Directions:
An exact reproduction of all the data is needed, with no images in it.

(Beginning of Records for processing)

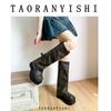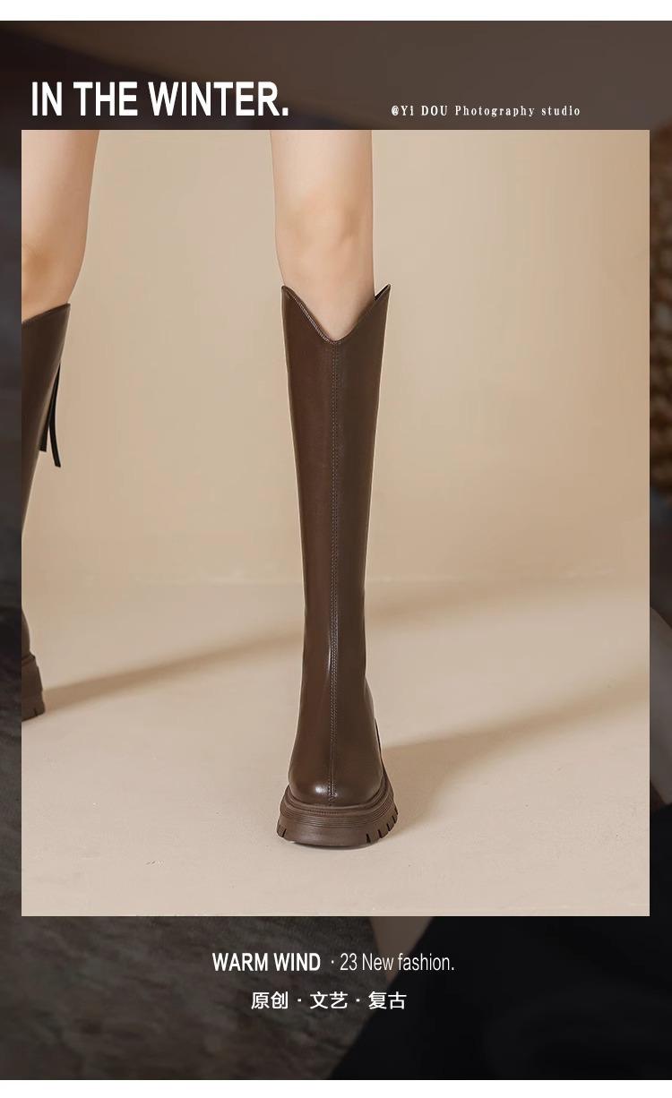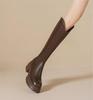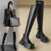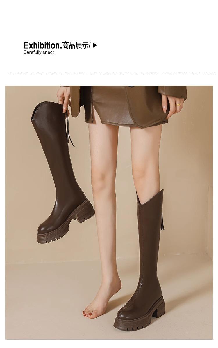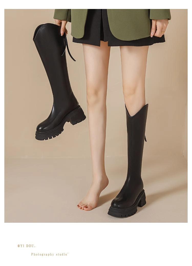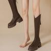 Botas Slim para Mujer Otoño e Invierno 2024 Ropa Exterior Forradas con Felpa Tacón Grueso Slim Suela Gruesa No Más Arriba de la Rodilla Diseño Simple Botas de Caballero de Moda
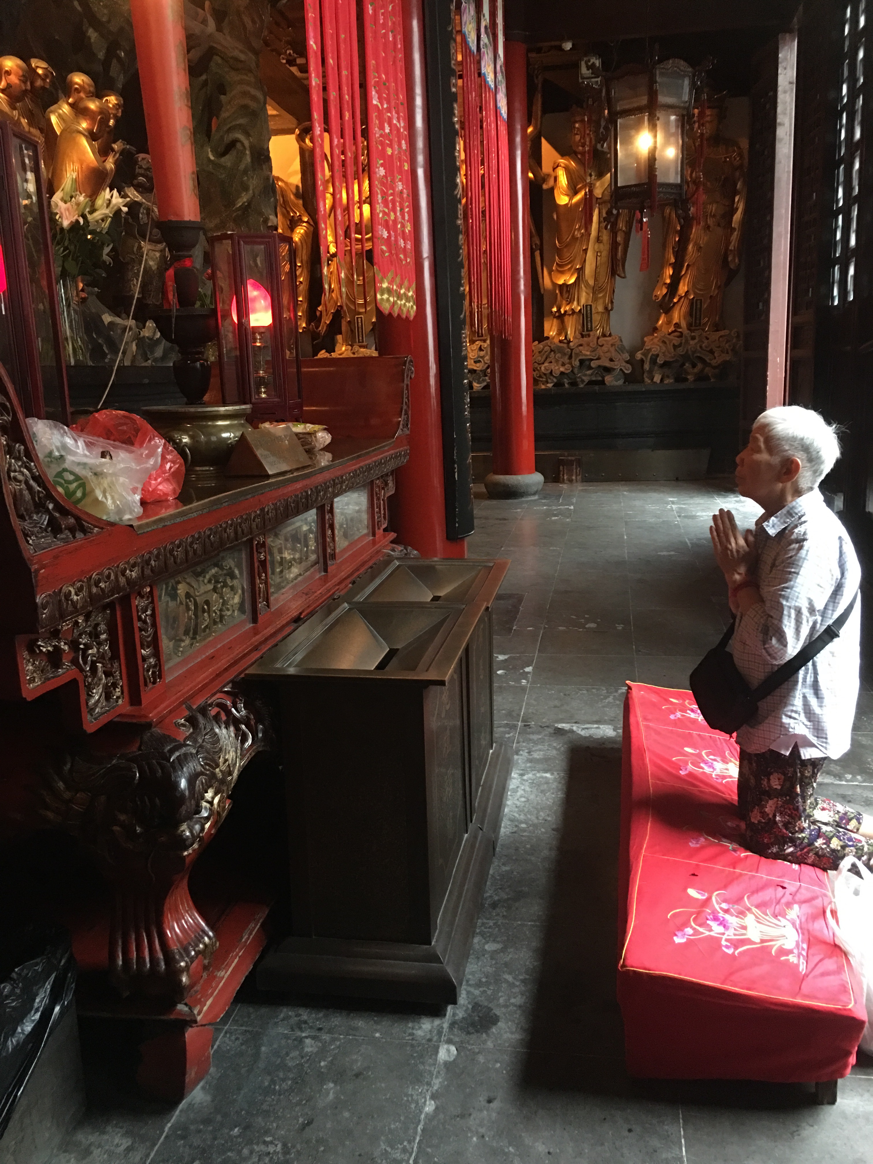 Mujer budista reza en el Templo de Jade.Otro lugar de atractivo para aquellos interesados en conocer sobre los 5,000 años de historia de China es el Museo de Shanghái, localizado en la popular People’s Square. El edificio contiene cuatro plantas y cada una con varias exhibiciones de: bronce, cerámica, arte clásico, monedas, caligrafía y jade. Algunas de las salas más seductoras, sin embargo, son las de muebles, esculturas y folclor de las etnias minoritarias del País.
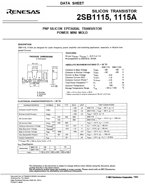 | 2SB1115 | PNP SILICON EPITAXIAL TRANSISTOR |
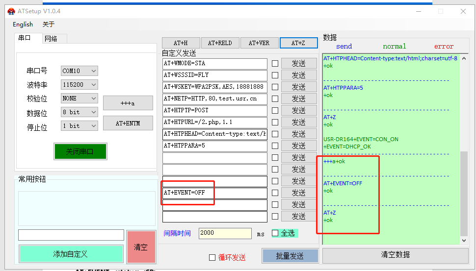 打开ATSetup 软件,选择COM口号COM10 ,波特率115200,打开串口,点击+++a,依次发送以下AT指令:
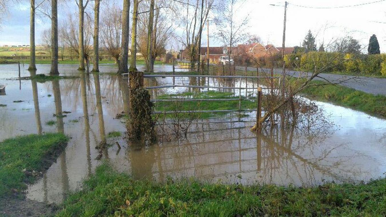 Suite aux pluies de cette nuit et d'aujourd'hui, les cours d'eau débordent de nouveau dans le hameau de Saint-Quentin à Aire-sur-la-Lys, et entre Aire et Witternesse.
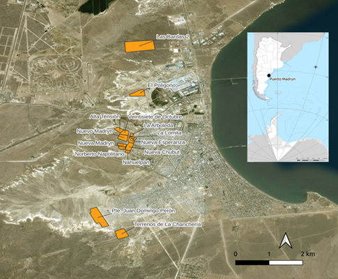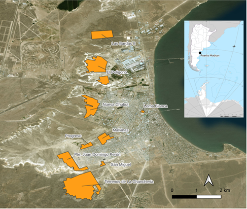 En segundo lugar, en el mapa 2 podemos ver la actualización del relevamiento hecha en 2023, donde constan 9 barrios. Da cuenta de Las Bardas 2 en el extremo norte, El Polígono al norte de la Ruta A010, al oeste de la planta de Aluar, Nueva Chubut hacia el noroeste de la ciudad, Loma Blanca, al centro este, y, por último, al centro oeste de la ciudad los barrios Malvinas, Progreso, San Miguel, Terrenos de la Chanchería y Pte. Juan Domingo Perón.

(End of Records for processing)

The answer:
 Botas Slim para Mujer Otoño e Invierno 2024 Ropa Exterior Forradas con Felpa Tacón Grueso Slim Suela Gruesa No Más Arriba de la Rodilla Diseño Simple Botas de Caballero de Moda
 Mujer budista reza en el Templo de Jade.Otro lugar de atractivo para aquellos interesados en conocer sobre los 5,000 años de historia de China es el Museo de Shanghái, localizado en la popular People’s Square. El edificio contiene cuatro plantas y cada una con varias exhibiciones de: bronce, cerámica, arte clásico, monedas, caligrafía y jade. Algunas de las salas más seductoras, sin embargo, son las de muebles, esculturas y folclor de las etnias minoritarias del País.
 | 2SB1115 | PNP SILICON EPITAXIAL TRANSISTOR |
 打开ATSetup 软件,选择COM口号COM10 ,波特率115200,打开串口,点击+++a,依次发送以下AT指令:
 Suite aux pluies de cette nuit et d'aujourd'hui, les cours d'eau débordent de nouveau dans le hameau de Saint-Quentin à Aire-sur-la-Lys, et entre Aire et Witternesse.
 En segundo lugar, en el mapa 2 podemos ver la actualización del relevamiento hecha en 2023, donde constan 9 barrios. Da cuenta de Las Bardas 2 en el extremo norte, El Polígono al norte de la Ruta A010, al oeste de la planta de Aluar, Nueva Chubut hacia el noroeste de la ciudad, Loma Blanca, al centro este, y, por último, al centro oeste de la ciudad los barrios Malvinas, Progreso, San Miguel, Terrenos de la Chanchería y Pte. Juan Domingo Perón.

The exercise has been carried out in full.